Countrywide Mortgage just released new corporate data and it ain't looking any prettier. The front page was all nice and smiles about how they are raising money - but buried on the back pages was the real story.
Mortgage delinquencies up 10% from November to 6.9% of all mortgages serviced, to 6.9% of their total loan servicing portfolio. Why do those numbers mean a lot?
Countrywide sells most of their mortgages but they keep the loan servicing as their cash cow. Therefore, having 6.9% of their servicing portfolio in delinquency means that these delinquencies are rippling through the investor class. That is number one.
Number 2, Countrywide says that only 8% of their loan servicing portfolio is subprime. So, either over 80% of their subprime loans are in delinquency or the delinquencies are running high in the better credit mortgages.
Three, the chief investment officer of Fort Pitt (a big fund manager) was looking at those numbers and said (paraphrasing):
We expect housing prices to move lower and if they do, we expect people to look seriously at the advantage of just walking away from their houses. Especially if people start to worry about their job security from higher unemployment, this will be a bigger choice.

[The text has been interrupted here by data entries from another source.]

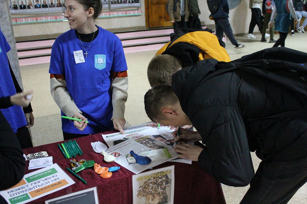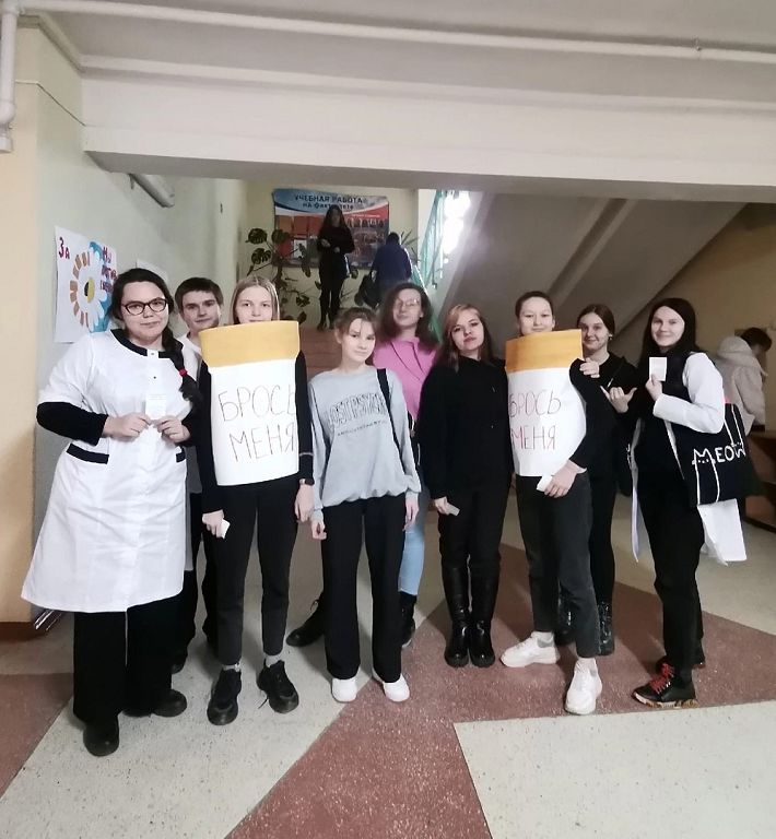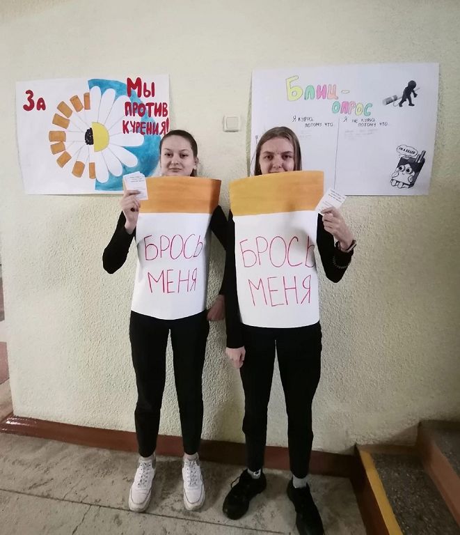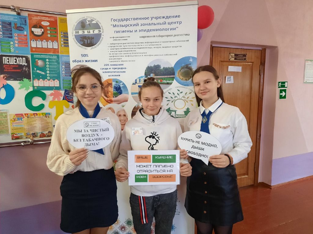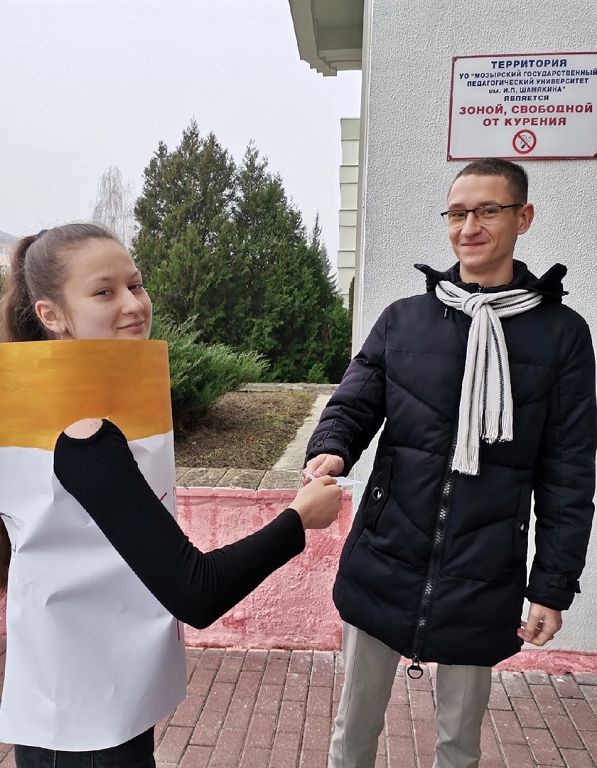 В рамках волонтёрской инициативы «Хорошее дело быть здоровым» при поддержке Мозырской РО Белорусского общества Красного Креста командой волонтёров университета на базе ГУО «Средняя школа №5 г.Мозыря» проведена акция «Курить не модно – дыши свободно!».
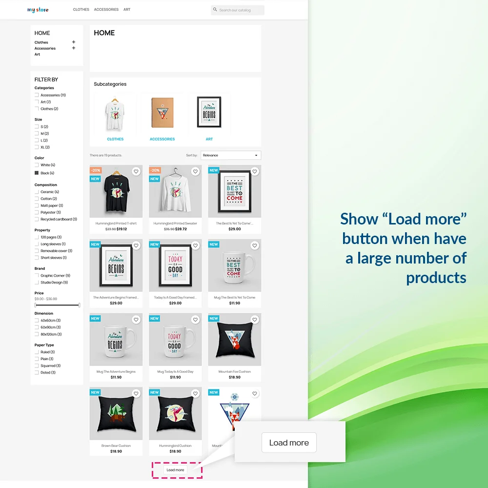 Con il nostro modulo Product list pagination, puoi scegliere 1 delle 3 modalità di paginazione in base alle tue esigenze:
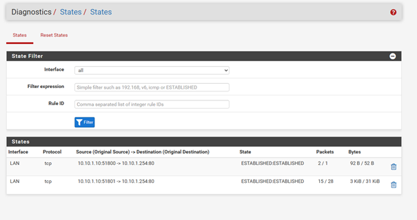 Étape 1 : Accédez à « Diagnostics » puis à « States ». Ici, vous trouverez tous les logs relatifs à pfSense
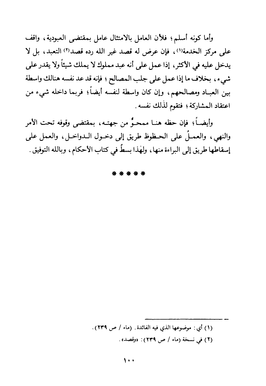 وَأَيْضًا؛ فَإِنَّ حَظَّهُ هُنَا مَمْحُوٌّ مِنْ جِهَتِهِ، بِمُقْتَضَى وُقُوفِهِ تَحْتَ الْأَمْرِ وَالنَّهْيِ، وَالْعَمَلُ عَلَى الْحُظُوظِ طَرِيقٌ إِلَى دُخُولِ الدَّوَاخِلِ، وَالْعَمَلُ عَلَى إِسْقَاطِهَا طَرِيقٌ إِلَى الْبَرَاءَةِ مِنْهَا، وَلِهَذَا بسط في كتاب الأحكام، وبالله التوفيق.
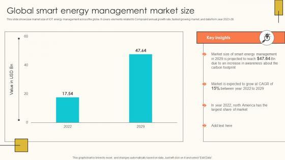 This slide showcase market size of IOT energy management across the globe. It covers elements related to Compound annual growth rate, fastest growing market, and data from year 2023-28. Present like a pro with Global Smart Energy Management Internet Of Things Solutions To Enhance Energy IoT SS V. Create beautiful presentations together with your team, using our easy-to-use presentation slides. Share your ideas in real-time and make changes on the fly by downloading our templates. So whether you are in the office, on the go, or in a remote location, you can stay in sync with your team and present your ideas with confidence. With Slidegeeks presentation got a whole lot easier. Grab these presentations today. This slide showcase market size of IOT energy management across the globe. It covers elements related to Compound annual growth rate, fastest growing market, and data from year 2023-28.
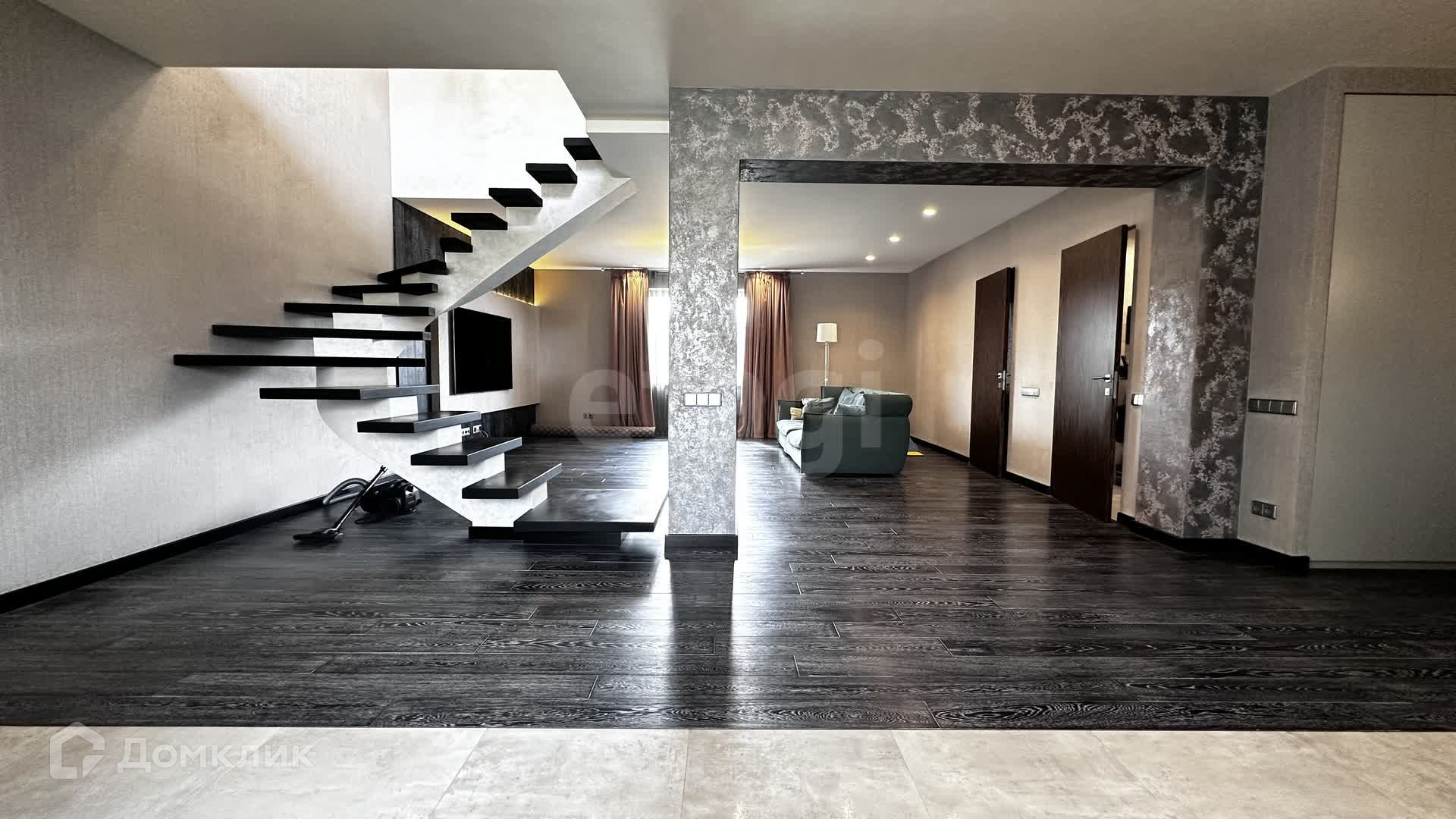 Внутри сделан дизайнерский ремонт. Полы уложены паркетной доской, двухуровневые потолки с точечной подсветкой, сан узел в плитке, установлена система теплый пол.

I was riding the chair lift skiing Saturday and our chair mate from Dallas told a story. Their friend had an ARM mortgage but very good credit. However, they had a $700,000 loan on an $800,000 house. This person's neighbor across the street got dead under water on their house and put it on the market at $500,000. The guy bought the house with a $450,000, got a loan (because of his good credit) and then turned the keys in on his house. Figured the credit rating hit was worth - in his mind - a $250,000 profit on flipping the houses.
All in all, the sound of the next shoe dropping.